My question is: how is the acf computed, exactly? I realize it's a correlation between lagged observations, but what estimates do we use? For example, I'm using:

$$S_{X,Y} = \frac{\sum X_{i+t} X_i - (\sum X_{i+t}) (\sum X_i)/n}{n-1}$$ $$S_{X,X} = \frac{\sum X_i^2 - (\sum X_i)^2/n}{n-1}$$ $$\widehat{AR(1)} = S_{X,Y}/S_{X,X}$$

where $X_i$ is the current observation, $X_{i+t}$ is the observation that is exactly 1 day (or 2,3,...) in the past, and all summations are over pairs that have exactly that difference. So, I'm guessing that one of my $n$'s should be $n-1$ or vice versa, as asymptotically my estimator agrees with R's, but I can't figure it out. Any suggestions?

acfUnequal = function( data, data.col=5, maxLags=10 )
{
lags = 1:maxLags
data = data[!is.na(data[,data.col]),] #Can't use for acf anyways, and causes problems in calcs
reqCols = c("Date", "Hour")
test = reqCols %in% colnames(data)
if( any(!test) )
stop(paste0("Missing the following columns: ", paste(reqCols[!test],collapse=", ")))
if(ncol(data)<data.col)
stop("data.col is larger than ncol(data)")

diffT = as.numeric(diff(data$Date)) + diff(data$Hour)/2400
Exy = rep(0,length(lags)) #E(XY), computed by adding up all X*Y then dividing by count
Exx = rep(0,length(lags)) #E(X^2), computed by adding up all X^2 then dividing by count
Eyy = rep(0,length(lags)) #E(Y^2), computed by adding up all Y^2 then dividing by count
Ex = rep(0,length(lags)) #E(X), computed by adding up all X then dividing by count
cnt = rep(0,length(lags)) #Count, used to compute E(XY), E(X), E(Y)
for(i in 2:nrow(data))
{
diffCurr = 0
j = i
for(lag in lags)
{
while(diffCurr<lag-0.05 & j>=2)
{
j = j-1
diffCurr = diffCurr + diffT[j]
}
if(!diffCurr>lag+.05) #time lag within 0.05 days detected, use data to compute acf
{
Exy[lag] = Exy[lag] + data[i,data.col]*data[j,data.col]
Exx[lag] = Exx[lag] + data[i,data.col]*data[i,data.col]
Eyy[lag] = Eyy[lag] + data[j,data.col]*data[j,data.col]
Ex[lag] = Ex[lag] + data[i,data.col]
Ey[lag] = Ey[lag] + data[j,data.col]
cnt[lag] = cnt[lag] + 1
}
}
}
sxy = (Exy - Ex*Ey/cnt)/(cnt-1)
sxx = (Exx - Ex^2/cnt)/(cnt-1)
acf = sxy/sxx
return(acf)
}


Ok, I figured out the problem.
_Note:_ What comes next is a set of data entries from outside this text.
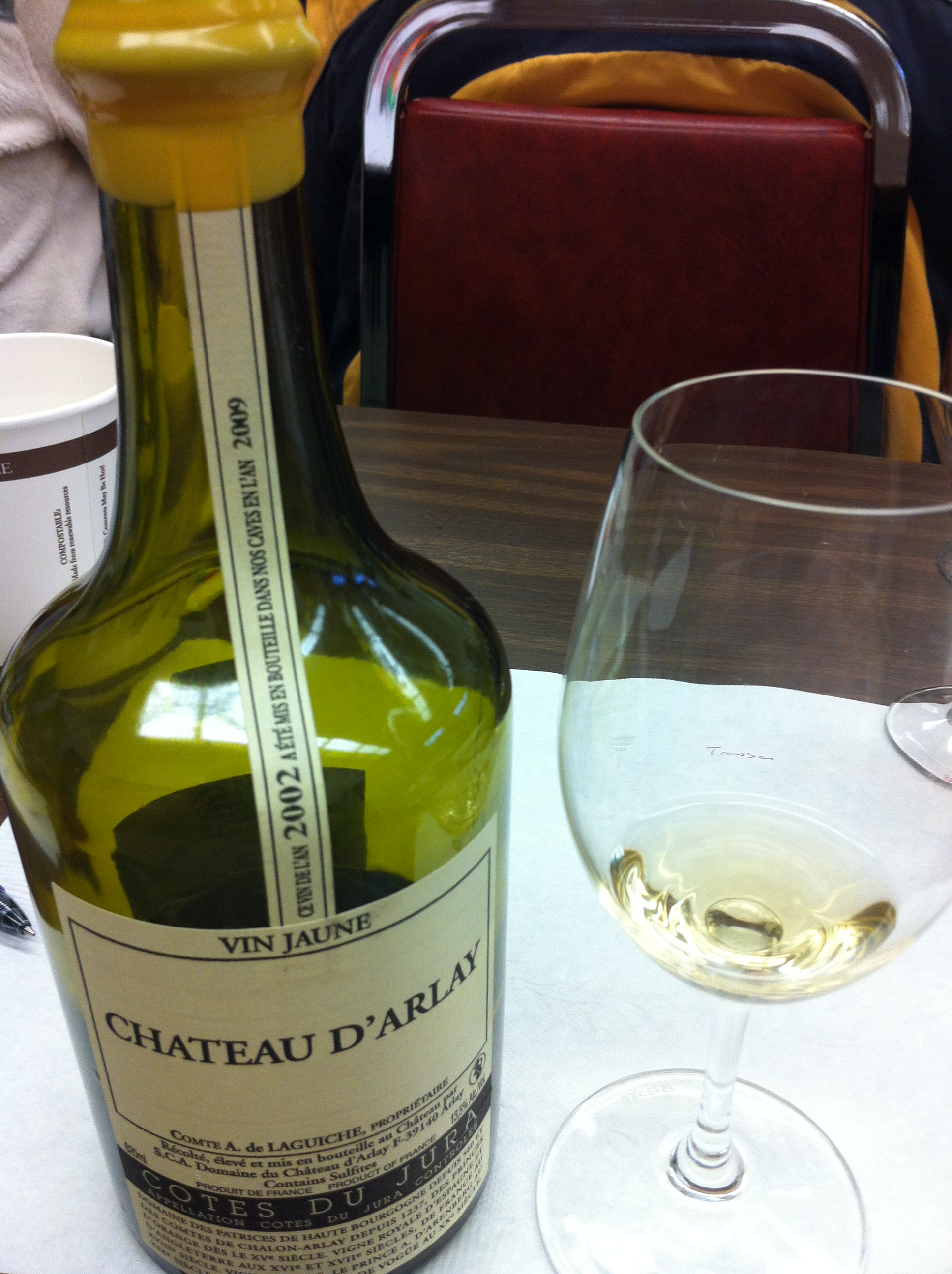 Vin Jaune wine made from late harvested Savagnin grape in a style similar to Sherry except that the wine is not fortified.
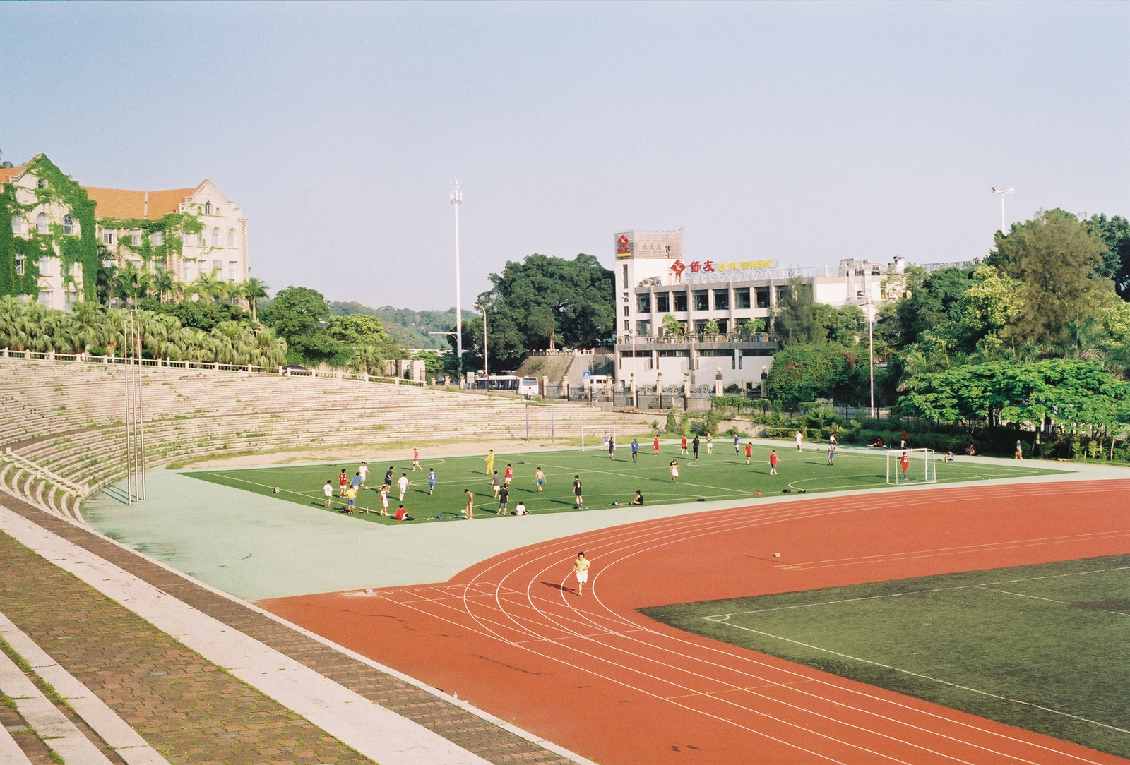 the image was took in June 2012 at the SHANG XUAN CHANG --- the historic playground of Xiamen University in June 2012
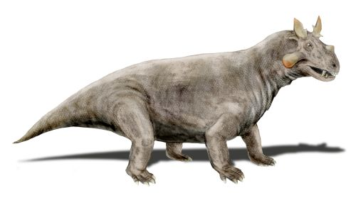 Estemmenosuchus mirabilis, a dinocephalian from the Middle Permian of Russia, pencil drawing & digital coloring
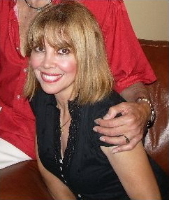 Migdia Chinea in Santa Monica, CA

In my formula, I'm essentially estimating $E(X)$ twice: once by computing $\sum X_i$ and once by computing $\sum X_{i+t}$. In R, $E(X)$ is estimated by using all the observations instead of these two subsets, and the divisor is the number of observations used to estimate $E(X)$. Also, $S_{XX}$ is estimated using all the observations as well.